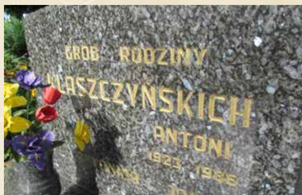
◀ GRÓB JANA KLASZCZYŃSKIEGO
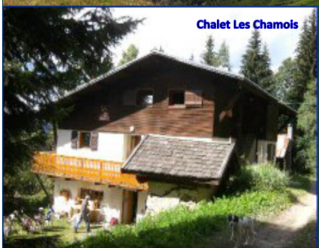
Chalet Les Chamois
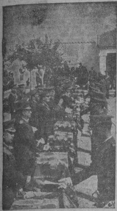
En la Academia Especial de Transformación de Oficiales provisionales y de complemento de Villaverde, el Ministro del Ejército, general Asensio, entrega solemnemente los despachos a los nuevos oficiales
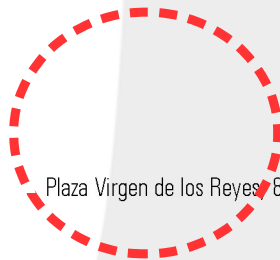
Imagen 6: Fotografía aportada en el escrito de agosto de 2013 la que se indica el lugar de los hechos
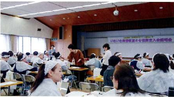
いきいき美容教室
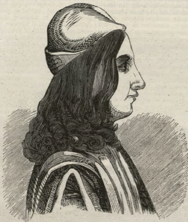
Retrato de La Mirandola.

¿Qué es lo que resta ya hoy dia de tanta erudicion, ciencia y fama? Nada, ó cuando mas muy poco. Y es que una gloria verdaderamente sólida no puede adoptarse sino á las ideas fecundas, á las creaciones nuevas del espíritu
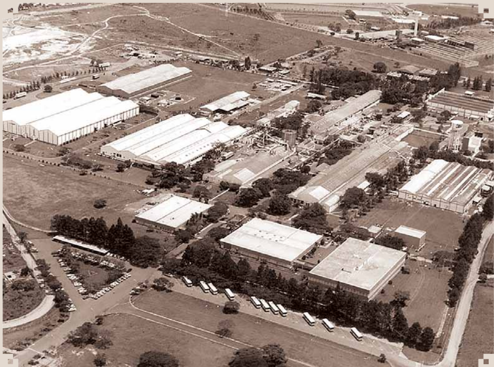
Foto aérea da 3M do Brasil, a primeira multinacional a se instalar em Sumaré, na década de 1940. Localizada às margens da Rodovia Anhanguera, ainda hoje é uma das empresas que mais contribuem para a Receita da Prefeitura e na oferta de empregos. Mais acima, à direita, as instalações da antiga empresa B.F. Goodrich, que fabricava pneus.
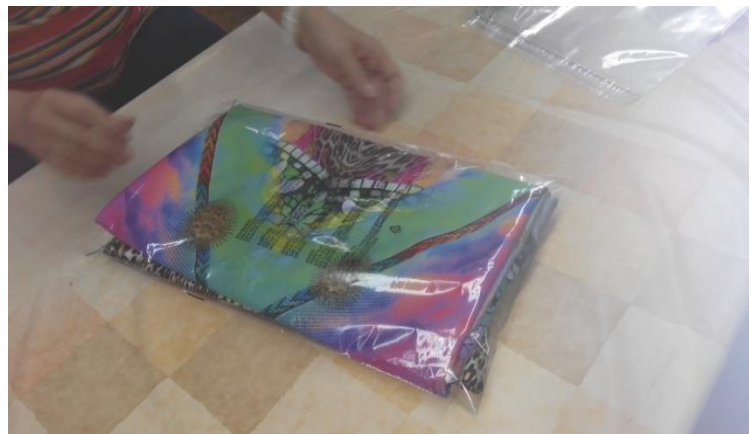
Slika 3. Pakiranje gotovih proizvoda

Adjustiranje i pakiranje se u ovom poduzeću sastoji od opremanja proizvoda zahtijevanim privjesnim etiketama i naljepnicama, slaganja na određene dimenzije i pakiranja u vrećice, kartonske kutije ili vješanja na vješalice.
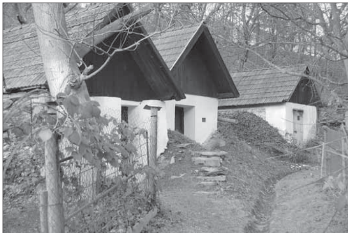
Sidonie, soubor chlévů za kolonií domů čp. 82–91.
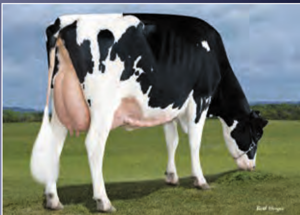
4. Mutter: Future-Jolane Uno Hay P VG-87
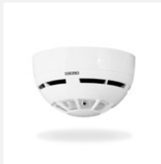
Rauchmelder GC 162 RWA (184110)
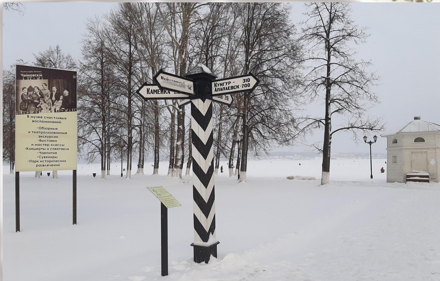
Указательный столб и стенд с фотографией семьи перед входом в музей П.И.Чайковского
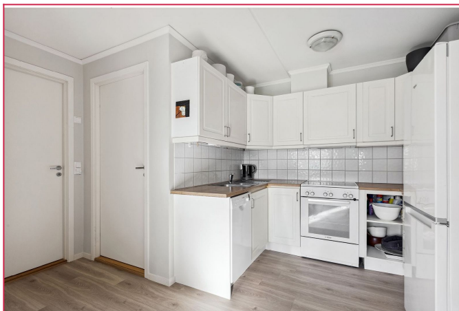
Kjøkken med frittstående hvitevarer inkludert
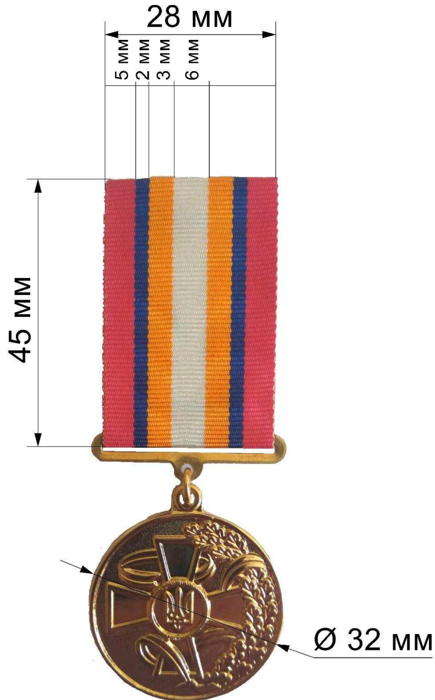
Рисунок 2 – Зовнішній вигляд та розміри нагрудних знаків.

# # # #

:: TASK INSTRUCTIONS ::
Only one part of the listing is wanted: the lines from the one containing "Foto aérea da" through the one containing "Указательный столб и", both included. Please transcribe it exactly, leaving out the pictures.

:: WRITTEN RESPONSE ::
Foto aérea da 3M do Brasil, a primeira multinacional a se instalar em Sumaré, na década de 1940. Localizada às margens da Rodovia Anhanguera, ainda hoje é uma das empresas que mais contribuem para a Receita da Prefeitura e na oferta de empregos. Mais acima, à direita, as instalações da antiga empresa B.F. Goodrich, que fabricava pneus.
Slika 3. Pakiranje gotovih proizvoda

Adjustiranje i pakiranje se u ovom poduzeću sastoji od opremanja proizvoda zahtijevanim privjesnim etiketama i naljepnicama, slaganja na određene dimenzije i pakiranja u vrećice, kartonske kutije ili vješanja na vješalice.
Sidonie, soubor chlévů za kolonií domů čp. 82–91.
4. Mutter: Future-Jolane Uno Hay P VG-87
Rauchmelder GC 162 RWA (184110)
Указательный столб и стенд с фотографией семьи перед входом в музей П.И.Чайковского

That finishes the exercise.